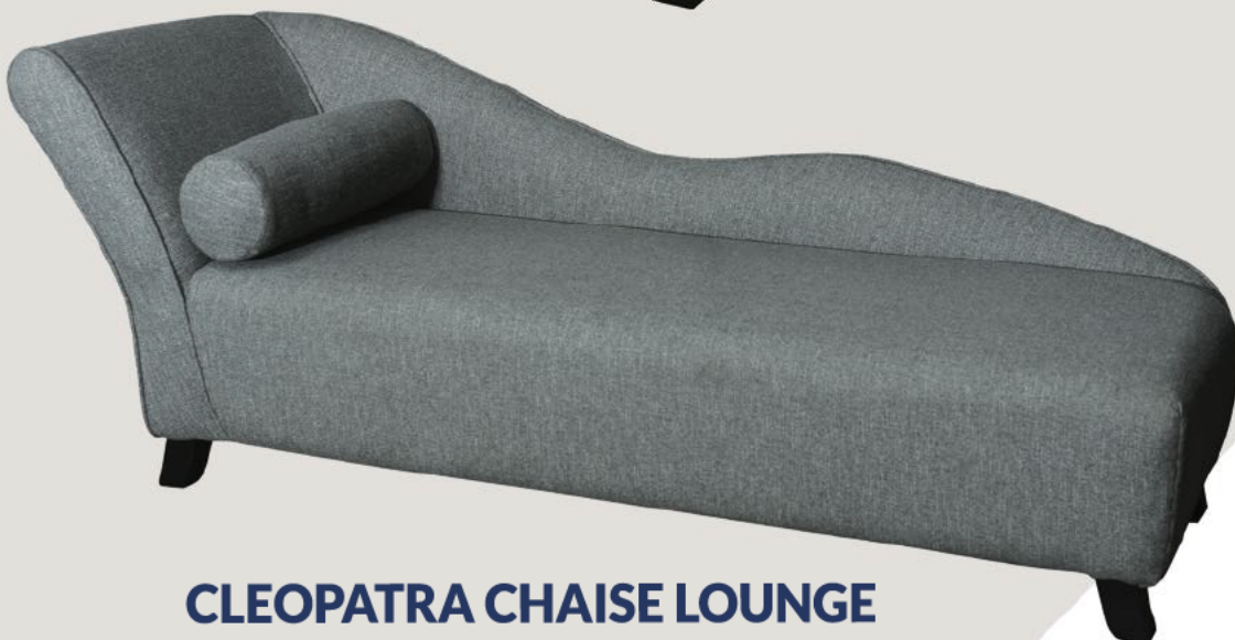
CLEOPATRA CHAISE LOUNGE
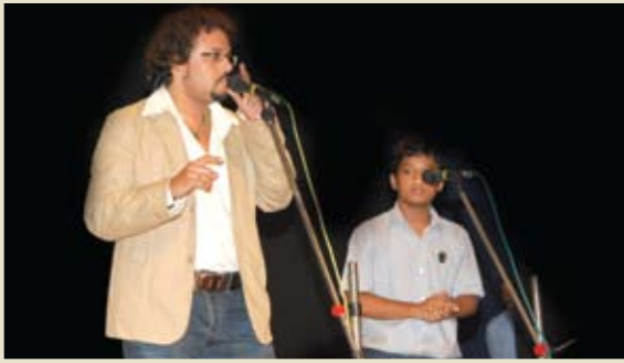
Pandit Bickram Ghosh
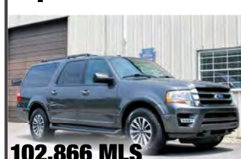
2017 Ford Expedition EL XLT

§ WHAT IS BEING ASKED
Please write out, exactly, every line from the line with "Pandit Bickram Ghosh" through the final line of the data above, leaving out pictures.

§ TASK RESULT
Pandit Bickram Ghosh
2017 Ford Expedition EL XLT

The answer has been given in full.